Sorry I'm getting off topic. You wanted to do a case study on our improved sleigh efficiency?
Allie staring off into space mumbles... I need a drink...
Are you with me here?
Yes Santa. It's just a lot to take in... Sure we'd love to do a case study and tell your Game Changing Story. Shall we set up a time for an interview?
Santa: I'll be happy to write up a case, no need for the interview I've got plenty of assets who can quickly write up a Game Changing Story. I've got half the White House doing projects for me. I'll send over a draft after the holidays.
(Want to tell the world about your own Game Changing Story?)
Allie: Santa? The Sales team is a little concerned that their evaluation and views about "brand Santa" will land them on the naughty list. They don't want coal in their stockings this Christmas.

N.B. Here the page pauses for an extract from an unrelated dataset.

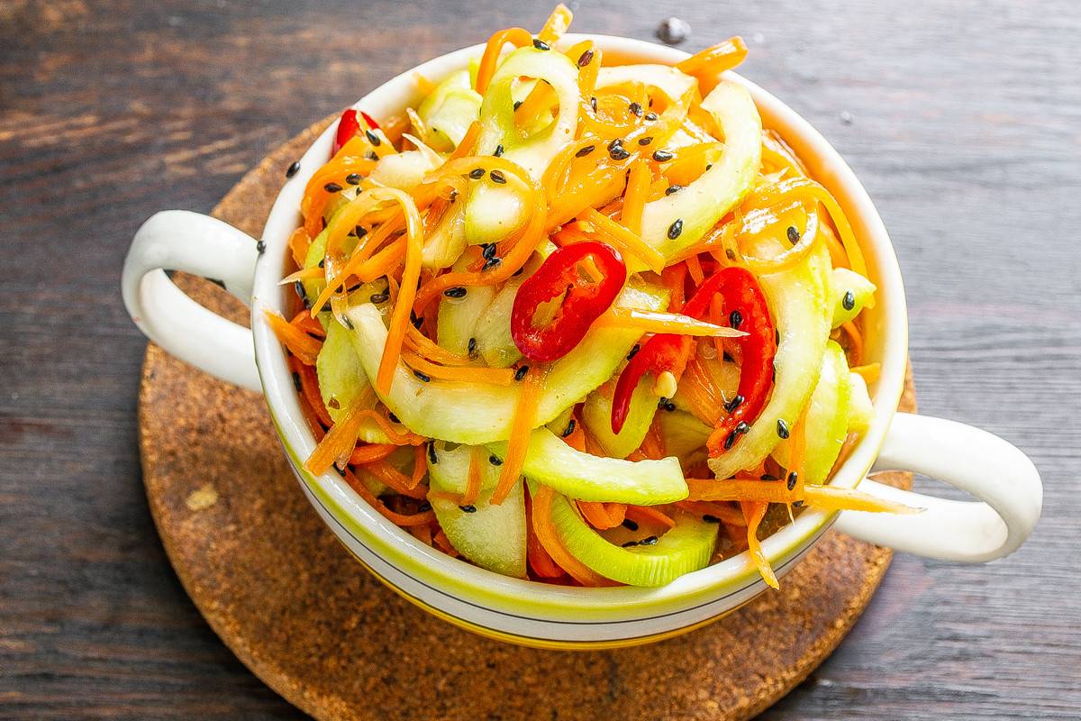 Салат из кабачков по-корейски – великолепная холодная закуска, которая вкусна сама по себе. Такой салат можно подать в качестве гарнира к мясному или рыбному блюду. Приятного аппетита.

Santa: HO, HO that's a good one! We adopted a neutral carbon footprint years ago. We don't give out coal anymore, just expired gift cards from Abercrombie and Fitch. But tell them not to worry, there's plenty of time to get back on that nice list! That's an easy sell to Santa!
(Well Allie got her Case Study, and a big promotion in Marketing! She's now responsible for watching for and directing Santa to the nice kids in Pennsylvania! Fortunately for the rest of the Sales and Marketing team that required her to move her office to the roof....)***
Happy Holidays From Your Friends at SilcoTek!
***No SilcoTek employees, reindeer, or Santas were harmed during the writing of this Blog. Allie continues to be a vital contributor to SilcoTek. Her office has moved from the roof to Houston, TX!